* [Brief]: What lines in the records below mention "West"? List them all.
Data section below:
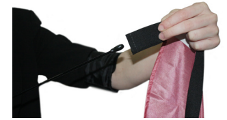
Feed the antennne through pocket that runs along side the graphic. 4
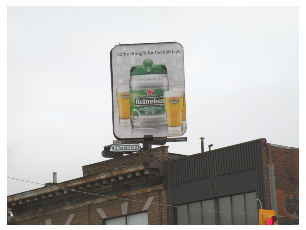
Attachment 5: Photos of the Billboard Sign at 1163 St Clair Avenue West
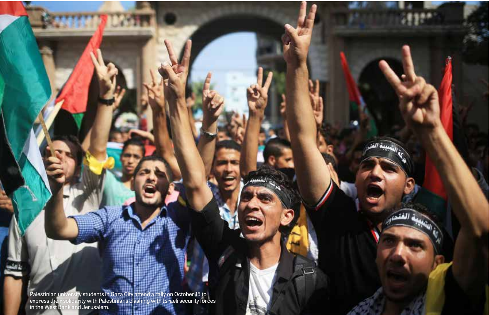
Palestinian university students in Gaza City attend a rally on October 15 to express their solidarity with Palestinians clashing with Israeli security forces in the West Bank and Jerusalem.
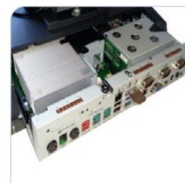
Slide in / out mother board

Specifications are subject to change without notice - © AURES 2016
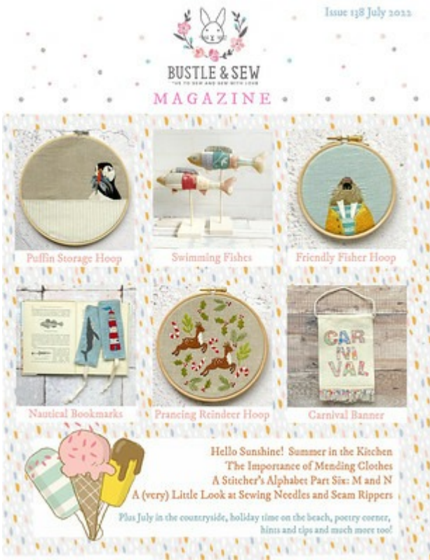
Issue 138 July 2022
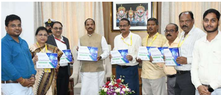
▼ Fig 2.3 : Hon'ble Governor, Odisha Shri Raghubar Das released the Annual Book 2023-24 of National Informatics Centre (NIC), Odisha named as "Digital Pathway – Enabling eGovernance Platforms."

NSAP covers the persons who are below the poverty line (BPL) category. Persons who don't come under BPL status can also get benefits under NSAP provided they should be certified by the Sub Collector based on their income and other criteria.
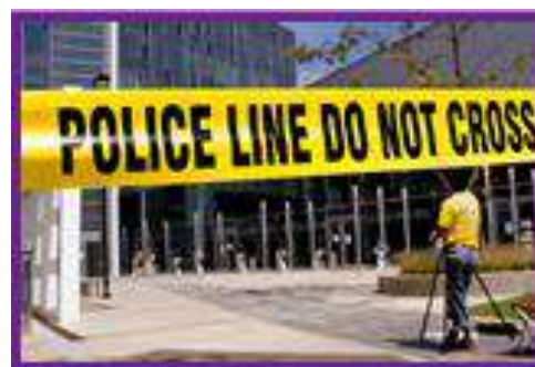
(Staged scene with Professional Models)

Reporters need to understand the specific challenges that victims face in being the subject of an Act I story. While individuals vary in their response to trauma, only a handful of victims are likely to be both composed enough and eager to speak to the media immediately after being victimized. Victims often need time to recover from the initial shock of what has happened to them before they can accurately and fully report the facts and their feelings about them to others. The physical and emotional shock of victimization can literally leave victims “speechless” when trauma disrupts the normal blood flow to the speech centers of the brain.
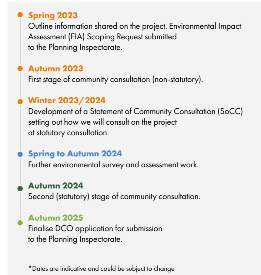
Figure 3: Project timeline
End of Data section.
Data section below:
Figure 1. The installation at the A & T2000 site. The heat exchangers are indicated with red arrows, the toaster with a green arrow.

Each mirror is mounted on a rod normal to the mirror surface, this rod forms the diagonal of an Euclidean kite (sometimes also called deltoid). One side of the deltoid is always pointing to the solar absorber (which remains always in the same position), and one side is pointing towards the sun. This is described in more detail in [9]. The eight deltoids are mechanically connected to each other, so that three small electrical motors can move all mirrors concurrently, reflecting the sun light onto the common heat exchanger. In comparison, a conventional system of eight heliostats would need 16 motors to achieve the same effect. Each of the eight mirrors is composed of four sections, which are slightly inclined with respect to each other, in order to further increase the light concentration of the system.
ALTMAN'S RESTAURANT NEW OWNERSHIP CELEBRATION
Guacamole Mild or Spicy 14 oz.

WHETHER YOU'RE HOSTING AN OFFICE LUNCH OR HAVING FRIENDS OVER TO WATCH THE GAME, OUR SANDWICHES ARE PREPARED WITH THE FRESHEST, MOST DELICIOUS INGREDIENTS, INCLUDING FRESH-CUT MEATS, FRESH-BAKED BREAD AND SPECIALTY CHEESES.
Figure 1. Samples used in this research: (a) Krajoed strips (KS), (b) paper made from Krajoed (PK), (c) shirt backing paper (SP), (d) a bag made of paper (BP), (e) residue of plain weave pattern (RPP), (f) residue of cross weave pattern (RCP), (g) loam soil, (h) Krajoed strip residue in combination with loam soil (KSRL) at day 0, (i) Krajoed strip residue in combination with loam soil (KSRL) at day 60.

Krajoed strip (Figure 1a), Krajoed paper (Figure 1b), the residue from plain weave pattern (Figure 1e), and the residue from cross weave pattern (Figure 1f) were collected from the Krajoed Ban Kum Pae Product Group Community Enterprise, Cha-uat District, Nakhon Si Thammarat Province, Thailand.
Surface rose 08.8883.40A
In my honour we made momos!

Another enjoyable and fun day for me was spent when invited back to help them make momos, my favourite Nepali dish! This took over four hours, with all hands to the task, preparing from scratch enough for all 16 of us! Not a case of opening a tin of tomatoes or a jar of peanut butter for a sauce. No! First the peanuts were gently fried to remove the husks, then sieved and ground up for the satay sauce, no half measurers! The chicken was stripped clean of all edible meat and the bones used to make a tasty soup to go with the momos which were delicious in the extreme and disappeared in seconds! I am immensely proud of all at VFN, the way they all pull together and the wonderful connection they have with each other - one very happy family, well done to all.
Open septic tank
End of Data section.
* [Exercise result]:
Attachment 5: Photos of the Billboard Sign at 1163 St Clair Avenue West
Palestinian university students in Gaza City attend a rally on October 15 to express their solidarity with Palestinians clashing with Israeli security forces in the West Bank and Jerusalem.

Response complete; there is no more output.